◆ **TASK DETAILS**
Leaving all pictures aside, write out the records below precisely as given.

◆ **Records from a collection**
===
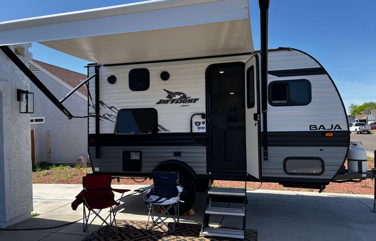 This 2023 Jayco Jay Flight Baja Bunkhouse is brand new!! Fully stocked for your basic needs as well. This spacious camper is great for hosting couples as well as small families with kids that will love the bunk beds. The pets are even invited!! We welcome long distance adventurers, weekend campers, hunters, music festival lovers and long-term renters!
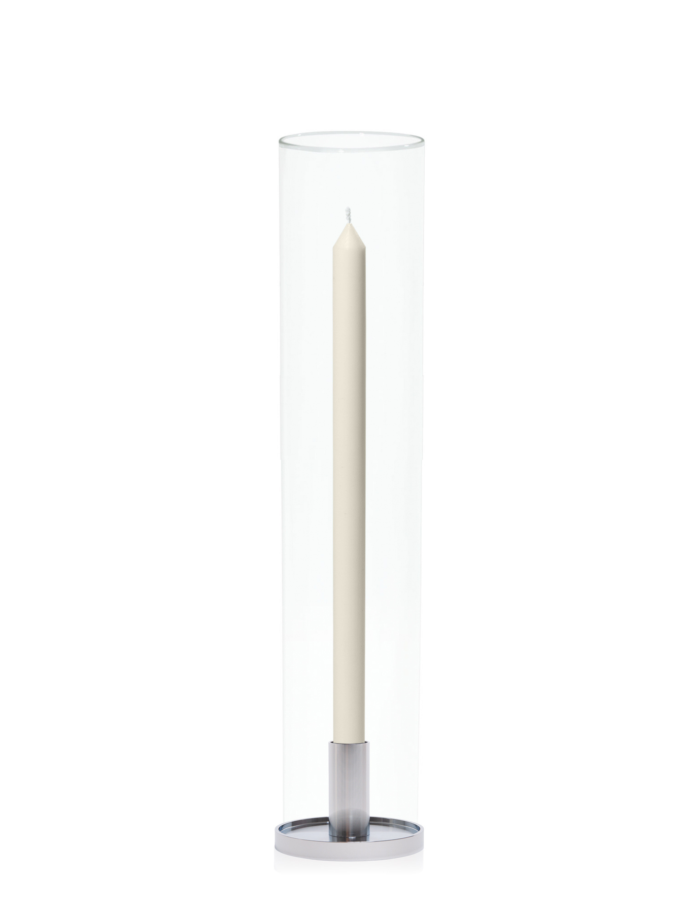 Ivory 40cm Dinner Candles with Medium Silver Maya Metal Holders and Glass Sleeves - Set of 12
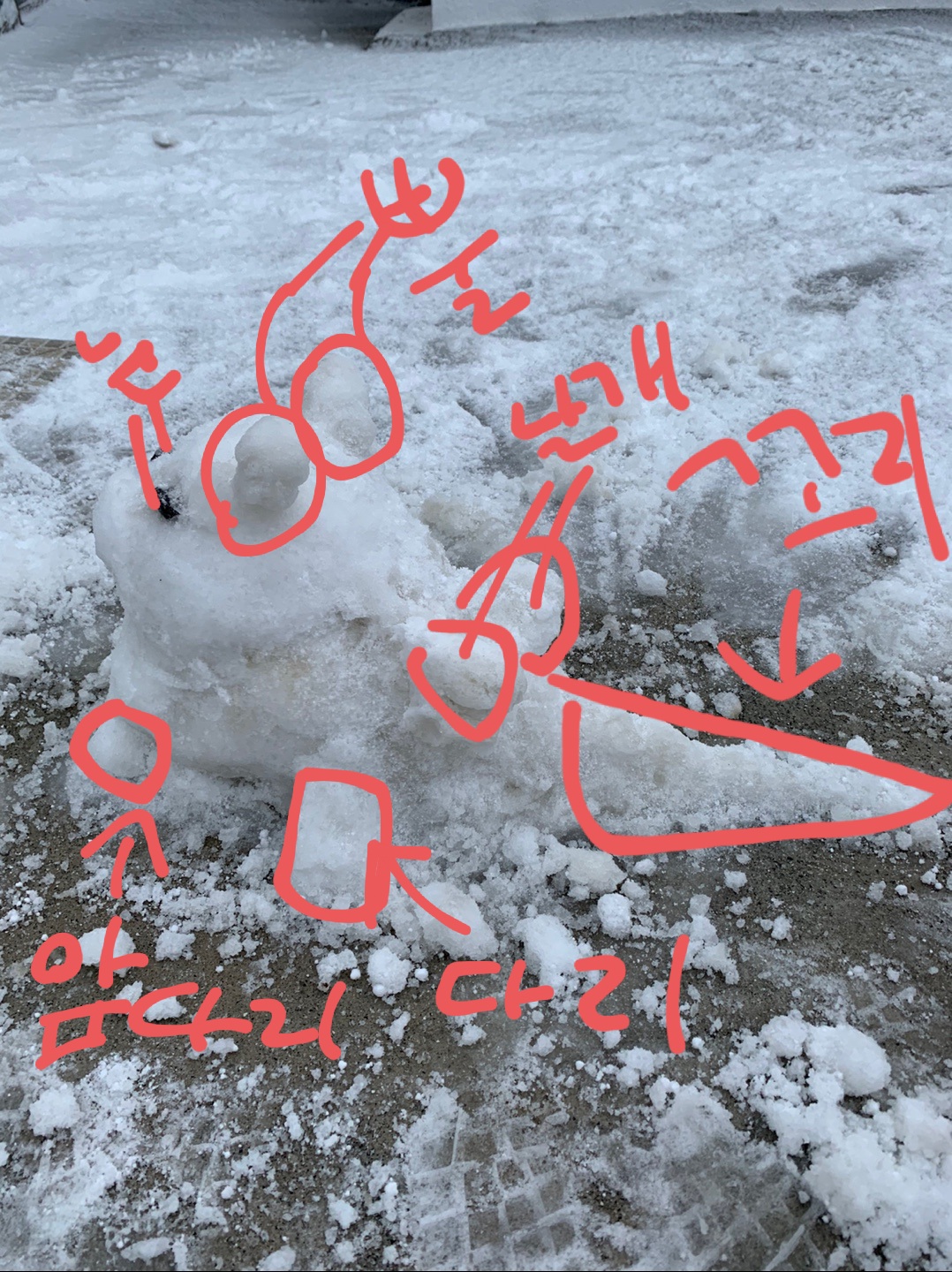 눈으로 드래곤(?)을 만들었습니다
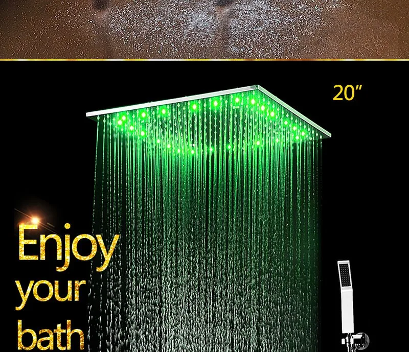 Светодиодный термостатический набор для душа с зеркальной отделкой SUS304, панель с 20 дюймовым встроенным потолком, светодиодный душ, дождевой туман, спа hm
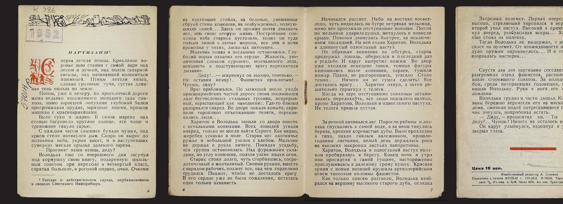 «Партизаны» — первая военная книжка писателя Ивана Федоровича Кратта, подписанная к печати 8 августа 1941 года — через месяц после начала войны — в ленинградском отделении издательства «Советский писатель». Совсем скоро, спустя тридцать дней, 8 сентября 1941 года, Ленинград будет окружен кольцом блокады, которая продлится 872 дня.
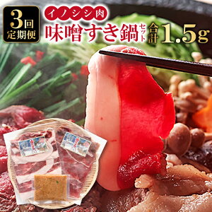 【ふるさと納税】定期便3回コース イノシシ肉 味噌すき鍋セット 約500g 冬猪肉 ロース 200g 夏猪肉 モモ 200g 肉 猪肉 いのしし肉 イノシシ肉 鍋 すき鍋 ぼたん鍋...
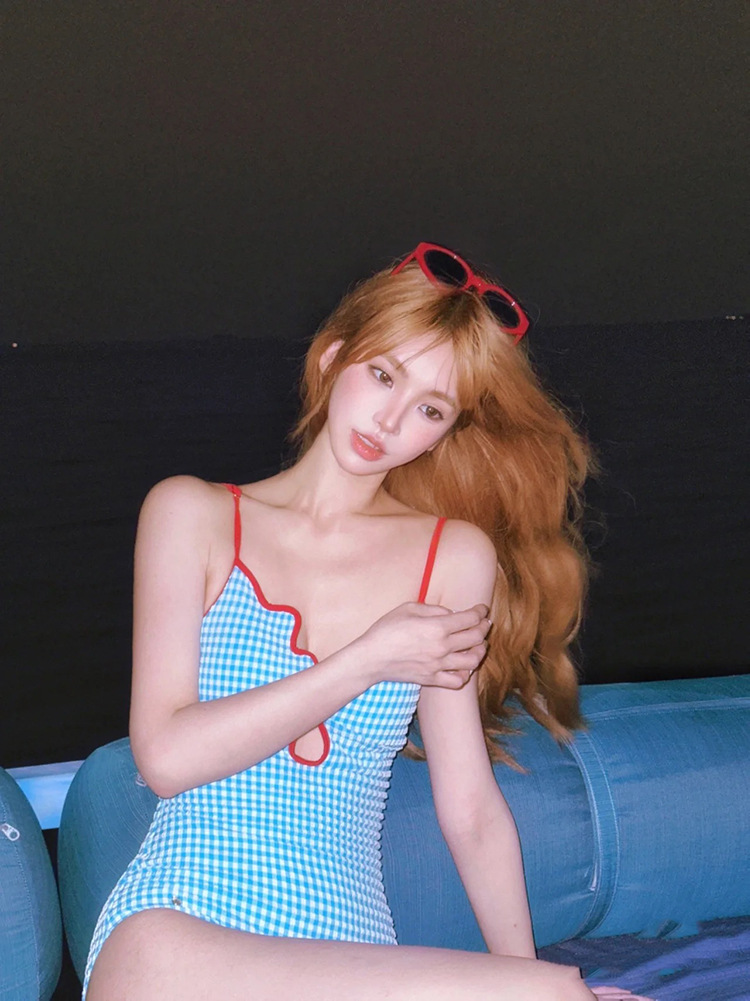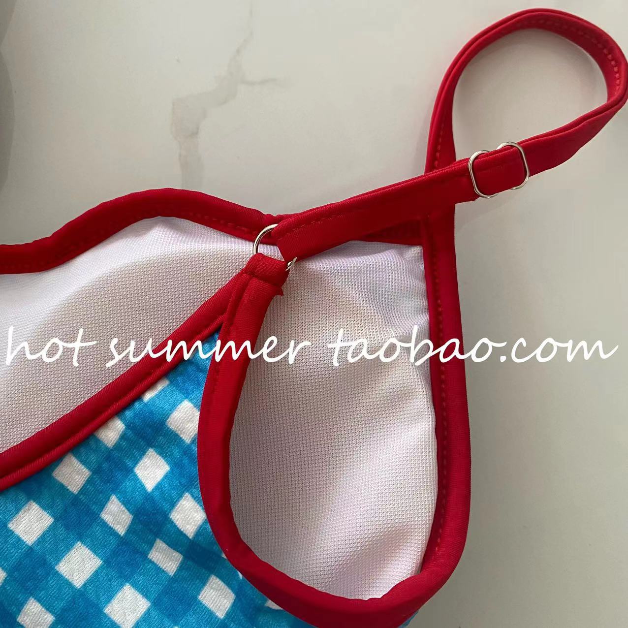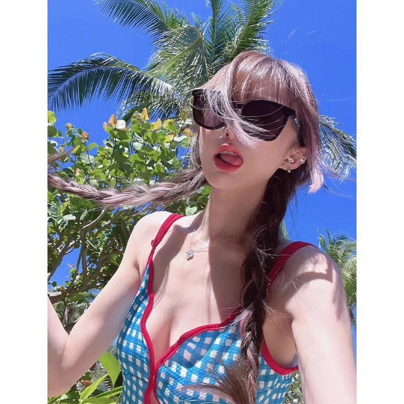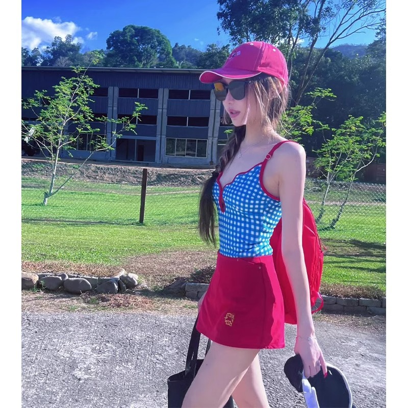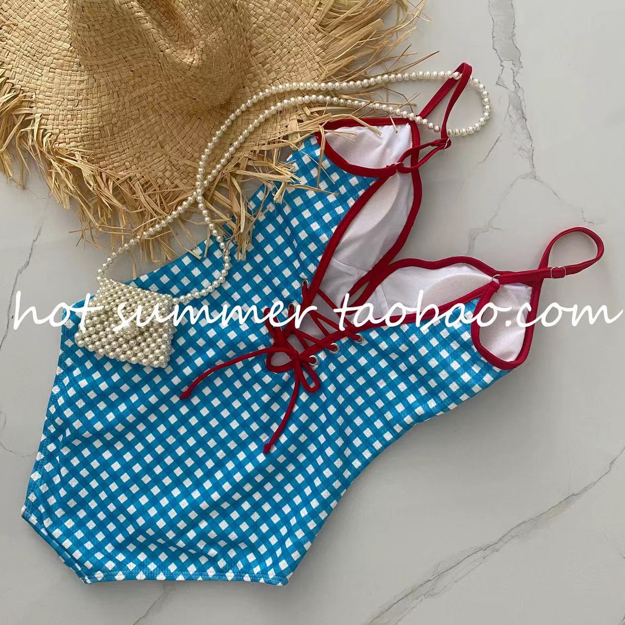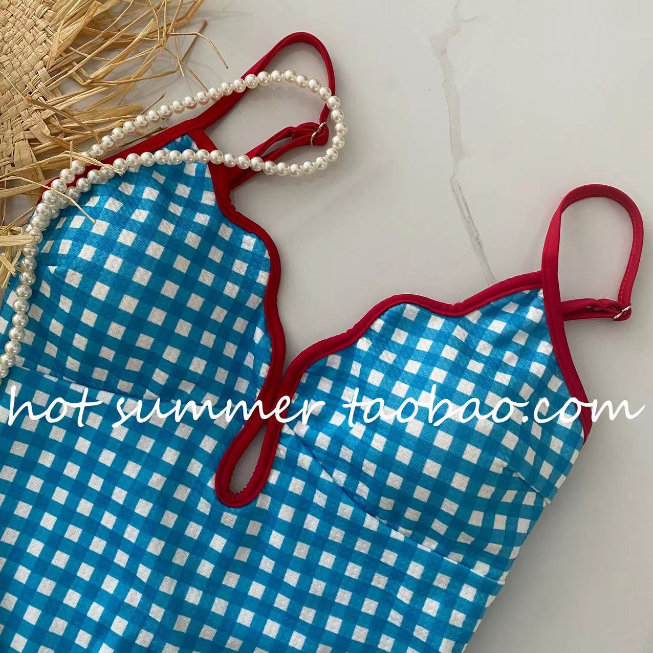 2025 新チェック柄スリング口スリムビーチ温泉スポーツワンピース日焼け止め女性水着水着
===
◆ **SOLUTION TO THIS PROBLEM**
 This 2023 Jayco Jay Flight Baja Bunkhouse is brand new!! Fully stocked for your basic needs as well. This spacious camper is great for hosting couples as well as small families with kids that will love the bunk beds. The pets are even invited!! We welcome long distance adventurers, weekend campers, hunters, music festival lovers and long-term renters!
 Ivory 40cm Dinner Candles with Medium Silver Maya Metal Holders and Glass Sleeves - Set of 12
 눈으로 드래곤(?)을 만들었습니다
 Светодиодный термостатический набор для душа с зеркальной отделкой SUS304, панель с 20 дюймовым встроенным потолком, светодиодный душ, дождевой туман, спа hm
 «Партизаны» — первая военная книжка писателя Ивана Федоровича Кратта, подписанная к печати 8 августа 1941 года — через месяц после начала войны — в ленинградском отделении издательства «Советский писатель». Совсем скоро, спустя тридцать дней, 8 сентября 1941 года, Ленинград будет окружен кольцом блокады, которая продлится 872 дня.
 【ふるさと納税】定期便3回コース イノシシ肉 味噌すき鍋セット 約500g 冬猪肉 ロース 200g 夏猪肉 モモ 200g 肉 猪肉 いのしし肉 イノシシ肉 鍋 すき鍋 ぼたん鍋...
 2025 新チェック柄スリング口スリムビーチ温泉スポーツワンピース日焼け止め女性水着水着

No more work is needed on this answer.